In Part 2 of the course, you will continue your study of works of art and architecture in situ by undertaking a final fieldtrip. This can be as part of a tutor-led group visit, to Paris for example, or as a planned and agreed independent trip. You will complete your Flog with reflections on summer activities and then begin selecting the material for your Fieldwork ePortfolio.  Unlike the Flog, this must be written in an academic style and will give you the opportunity to show how your thoughts and ideas as an art historian have been developing throughout the course.  

HA4096: RENAISSANCE PAINTING IN VENICE

30 credits

Level 4

First Sub Session

The course will explore the principal developments in Venetian painting from c1400 until c1600. Aiming to understand the special characteristics of painting in Venice, this course will examine the extraordinary topographical, social, economic and political conditions that influenced artistic production in the city. Studies of individual artists and specific genres will be linked to major themes such as gender, sexuality, devotional practice, religious reform and individual self-fashioning. Students will acquire a familiarity with the works of art, knowledge of the socio-economic and cultural conditions, and the ability to analyse paintings in terms of contemporary literature, art-theory and Christian theology.

HA4580: CARAVAGGIO AND HIS FOLLOWERS

30 credits

Level 4

Second Sub Session

The course is devoted to the revolutionary paintings of Italian artist Caravaggio (1571-1610), and the immense impact which he had on subsequent art. Beginning with a detailed look at the work of Caravaggio himself, we proceed to examine his influence on Italian, Dutch, French and Spanish artists during the first half of the seventeenth century (e.g. from Italy – Artemisia and Orazio Gentileschi; from the Netherlands – Honthorst and ter Brugghen; from France – Valentin and La Tour; from Spain -Ribera). Issues addressed include the nature of Caravaggesque “realism”, the uses of “chiaroscuro”, and the idiosyncracies of Caravaggesque iconography. For further information please see course guide.

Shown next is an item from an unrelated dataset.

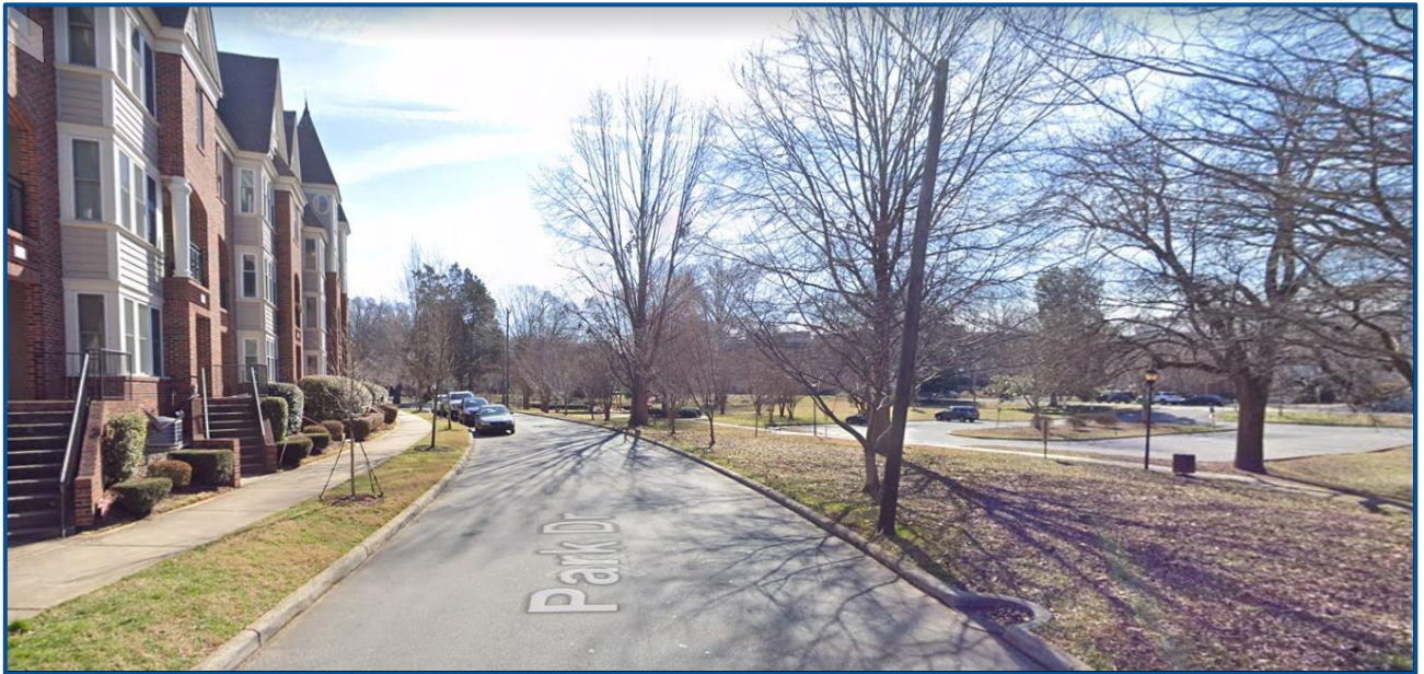
Directly south are townhomes/condominiums. Across Park Drive is Independence Park.

HA4584: AMERICAN MODERNISM

30 credits

Level 4

Second Sub Session

This course traces the twentieth-century rise of American painting, in relation to contemporary developments in Europe. Beginning with America's own art tradition and its initial responses to European Modernism, the course will capture the spirit of 1920s’ Realism and 1930s’ Regionalism and Social Realism before the outbreak of World War II. We will examine how the Abstract Expressionism of Pollock and Rothko made post-war New York the new centre of Western art.  Finally, the course will consider 1960s’ Pop Art and the arrival of the post-modern climate.

 

HA4588: HISTORY OF ART DISSERTATION

30 credits

Level 4

Second Sub Session

Your dissertation is intended to give you the opportunity to carry out a piece of sustained research on a topic of your own choice and to demonstrate to the examiners your ability to present the results of such research in a proper, scholarly manner. Your research may be of various kinds.  It may address works of art (or a single work of art) directly, through first-hand study in galleries, museums, or private collections, or it may be of a more literary kind, addressing critical or theoretical problems.  Or it might involve both. For further information please see course guide.